OK, fixed.  Along with existing test cases, since packs handling
wasn't being tested properly.

>  - "strcmp() == 0" wants to be "!strcmp()".

OK

> > diff --git a/t/t5304-prune.sh b/t/t5304-prune.sh
> > index 8ae314af58..8c2278035e 100755
> > --- a/t/t5304-prune.sh
> > +++ b/t/t5304-prune.sh
> > @@ -29,6 +29,22 @@ test_expect_success setup '
> >  	git gc
> >  '
> >  
> > +test_expect_success 'prune stale loose objects' '
> > +	mkdir .git/objects/aa &&
> > +	>.git/objects/aa/tmp_foo &&
> > +	test-tool chmtime =-86501 .git/objects/aa/tmp_foo &&
> > +	git prune --expire 1.day &&
> > +	test_path_is_missing .git/objects/aa/tmp_foo
> > +'
> > +
> > +test_expect_success 'bare repo prune is quiet without $GIT_DIR/objects/pack' '
> > +	git clone -q --shared --template= --bare . bare.git &&
> > +	rmdir bare.git/objects/pack &&
> > +	git --git-dir=bare.git prune --no-progress 2>prune.err &&
> > +	test_must_be_empty prune.err &&
> > +	rm -r bare.git prune.err
> > +'
> 
> Is the last "clean-up" step necessary?

Guess not, removed in v2 below.

> > +
> >  test_expect_success 'prune stale packs' '
> >  	orig_pack=$(echo .git/objects/pack/*.pack) &&
> >  	>.git/objects/tmp_1.pack &&
> 
> Other than that, looks like a good idea.

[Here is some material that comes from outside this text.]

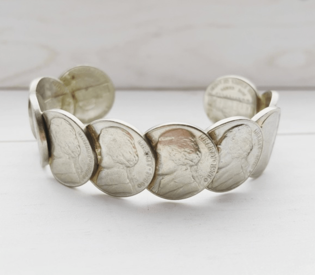 Journey through time with this vintage welded nickel bracelet, showcasing ten coins spanning from 1974 to 1992. Each nickel boasts its own unique story and character. Notably, this bracelet is non-flexible, offering a solid construction. It measures approximately 6.75″ in length with an opening of 1.25″, providing a total width of around 8″ in diameter.

'prune stale packs' was actually insufficient for catching
the extraneous `s' in `pack'.  I've kept existing checks against
objects/tmp_*, but added extra checks for objects/pack/tmp_*

v2 fixes:
* `pack' directory fixed, tests added
* !strcmp
* remove needless cleanup step in test

-----8<-----
Subject: [PATCH] prune: recursively prune objects directory

$GIT_DIR/objects/pack may be removed to save inodes in shared
repositories, so avoid scanning it if it does not exist.  Loose
object directories ($GIT_DIR/objects/??) may have old temporary
files, so we now prune those, too.

Recursion is limited to a single level since git doesn't use
deeper levels.  This avoids the risk of stack overflows via
infinite recursion when pruning untrusted repos.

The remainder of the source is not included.